Records drawn from a dataset:
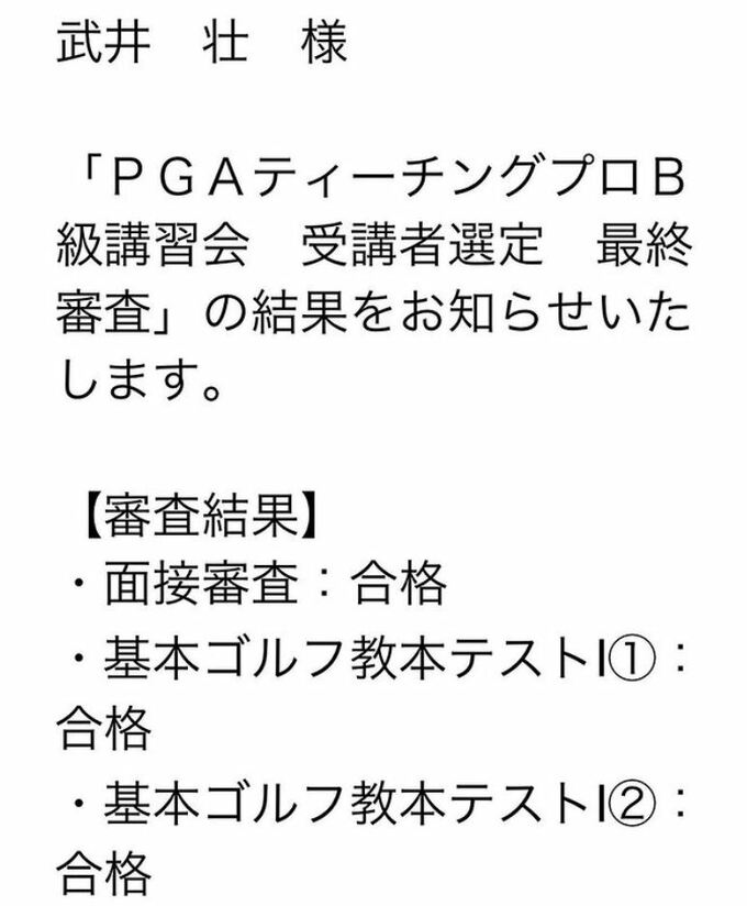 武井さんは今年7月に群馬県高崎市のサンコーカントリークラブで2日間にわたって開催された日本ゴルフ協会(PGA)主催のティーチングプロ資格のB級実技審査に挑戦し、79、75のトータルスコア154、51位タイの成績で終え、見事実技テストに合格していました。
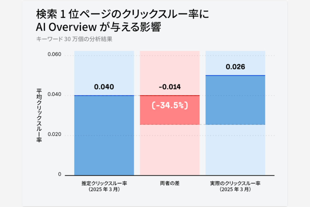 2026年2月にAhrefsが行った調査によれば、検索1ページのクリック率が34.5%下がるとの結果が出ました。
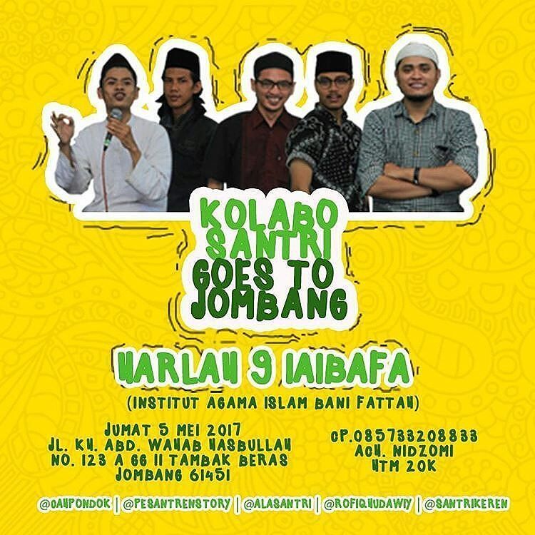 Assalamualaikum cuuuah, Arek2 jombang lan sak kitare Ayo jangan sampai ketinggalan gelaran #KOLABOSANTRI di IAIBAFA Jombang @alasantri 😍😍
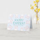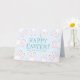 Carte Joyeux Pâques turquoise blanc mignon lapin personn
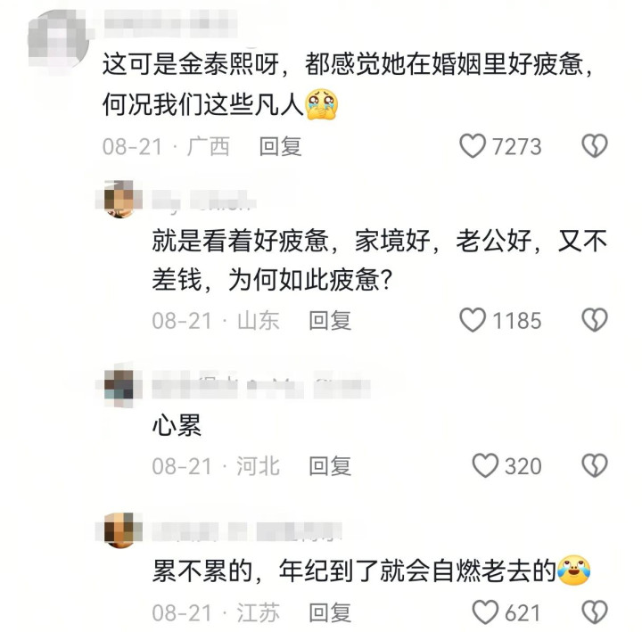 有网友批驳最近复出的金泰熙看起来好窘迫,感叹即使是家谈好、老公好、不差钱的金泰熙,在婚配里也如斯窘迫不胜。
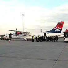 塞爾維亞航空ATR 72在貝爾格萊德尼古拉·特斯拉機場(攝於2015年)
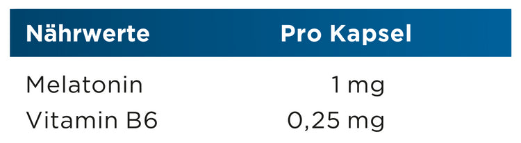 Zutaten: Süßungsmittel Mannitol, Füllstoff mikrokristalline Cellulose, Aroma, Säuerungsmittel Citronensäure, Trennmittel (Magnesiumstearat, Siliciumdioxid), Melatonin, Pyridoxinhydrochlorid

About this task: Copy out all the records exactly as they read, and omit the pictures.

Exercise solution:
 武井さんは今年7月に群馬県高崎市のサンコーカントリークラブで2日間にわたって開催された日本ゴルフ協会(PGA)主催のティーチングプロ資格のB級実技審査に挑戦し、79、75のトータルスコア154、51位タイの成績で終え、見事実技テストに合格していました。
 2026年2月にAhrefsが行った調査によれば、検索1ページのクリック率が34.5%下がるとの結果が出ました。
 Assalamualaikum cuuuah, Arek2 jombang lan sak kitare Ayo jangan sampai ketinggalan gelaran #KOLABOSANTRI di IAIBAFA Jombang @alasantri 😍😍
 Carte Joyeux Pâques turquoise blanc mignon lapin personn
 有网友批驳最近复出的金泰熙看起来好窘迫,感叹即使是家谈好、老公好、不差钱的金泰熙,在婚配里也如斯窘迫不胜。
 塞爾維亞航空ATR 72在貝爾格萊德尼古拉·特斯拉機場(攝於2015年)
 Zutaten: Süßungsmittel Mannitol, Füllstoff mikrokristalline Cellulose, Aroma, Säuerungsmittel Citronensäure, Trennmittel (Magnesiumstearat, Siliciumdioxid), Melatonin, Pyridoxinhydrochlorid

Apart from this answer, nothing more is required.